Value Library
The following is an excerpt from the ABC Perspective -
October 2009 - Pg. 16
Looking Beyond the Valley
| You cannot discover new oceans unless you
have the courage to lose sight of the shore.
|
- Italian Proverb |
I am an optimist. When I arrive at my office in the morning, I face my work with the attitude that the glass is half full rather than half empty. I approach my daily responsibilities vigorously and carry a positive outlook in our incessant search for undervalued securities.
At the best of times our work is exciting, challenging and both materially and psychologically rewarding. Unfortunately, at its worst, the daily routine can become extraordinarily stressful, fatiguing and financially hurtful. Needless to say, the past year, up until the last few months, has been brutal. My industry peers and I have been tested to the absolute limit. During the September 2008–March 2009 stretch, investors were confronted with numerous American bank failures followed by massive government assistance and intervention, enormous corporate asset write-downs, the virtual collapse of the U.S. residential housing market, enumerable home foreclosures and a severe pounding of worldwide auto sales. These events, in turn, resulted in a serious global economic contraction producing spiraling unemployment, anemic consumer spending and unparalleled business and consumer anxiety.
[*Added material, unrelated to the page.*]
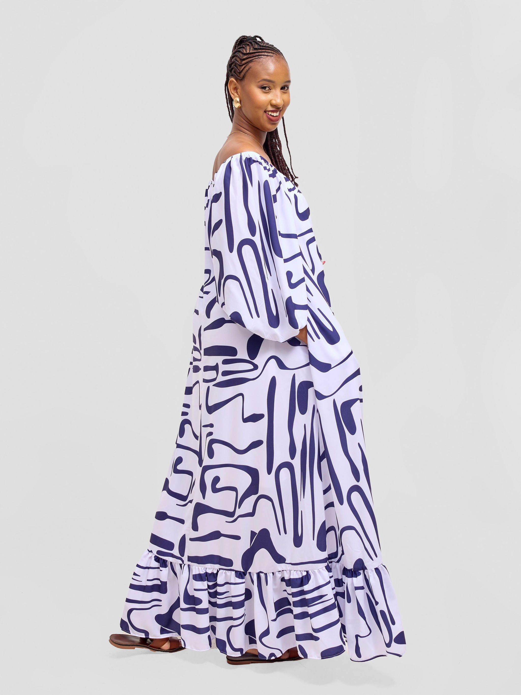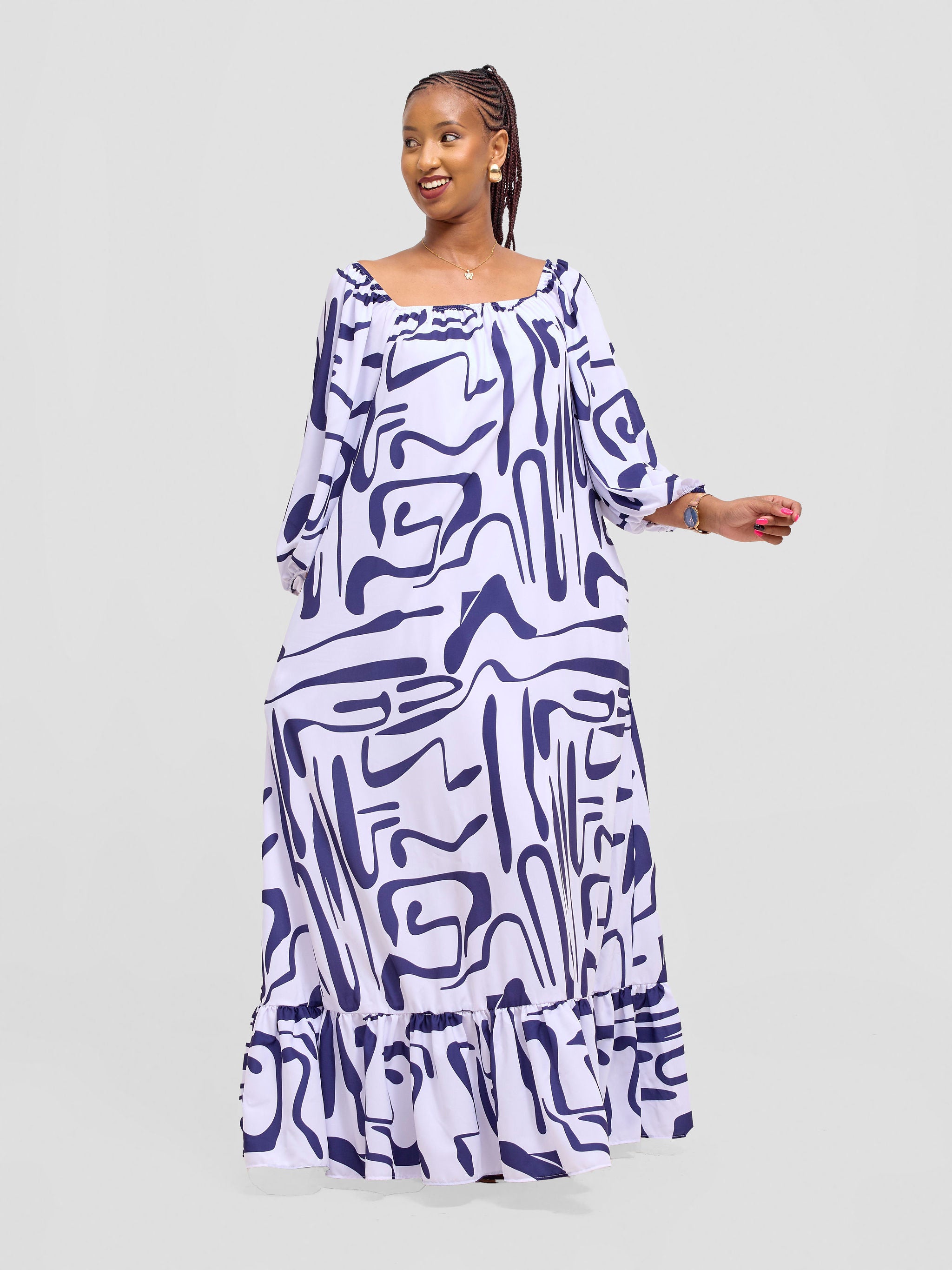 Safari Kitenge Side Frill Kaftan - Maya

In effect, it appeared that the whole world was on a virtual economic strike as both business and consumers refused to spend.
Clearly, nothing in business or economic textbooks had prepared us for what was to befall investors during the late 2008–early 2009 period. Fortunately, worldwide governments and central banks banded together in a coordinated and massive monetary and fiscal action to extricate the global economies from falling into a deep 1930s-style economic depression. Now, six months later, since the mid-March 2009 stock market lows, worldwide economic stability appears to have set in. Investors’ psychology has improved remarkably and a significant financial comeback from the early 2009 price lows has occurred. Despite these advances many seasoned investors and economic commentators do not believe in the sustainability of the present economic and investment recovery. Moreover, numerous investors, despite missing out on the spectacular stock market recovery since March, are very reticent to commit any funds for fear of a major stock market decline. They are gun-shy and are concerned that this stock market rally is merely a head-fake before the market tumbles precipitously. This bearish camp considers that the valley or economic abyss is quite deep and elongated. Their negative outlook centers on the view that there will be significant economic risk and little reward until global economies attain terra firma stability — without the continuing massive government monetary and fiscal stimulus.
Notwithstanding the negative economic argument we take a rather positive and contrarian view. We believe that one must look beyond the valley. It is our opinion that a worldwide economic turnaround is already in place, fragile as it may be. Although we do not expect either a V or a W-shaped economic recovery, we do believe that a slow but steady sawtooth-like improvement is the most likely economic scenario. We believe that successful investing for the balance of 2009 and into 2010 will necessitate diligent stockpicking, opportunistic share trading, portfolio upgrading and an assorted selection of high dividend-paying securities. We believe that the low interest rate environment should last at least for the next six months and should provide for exceptional investment opportunities.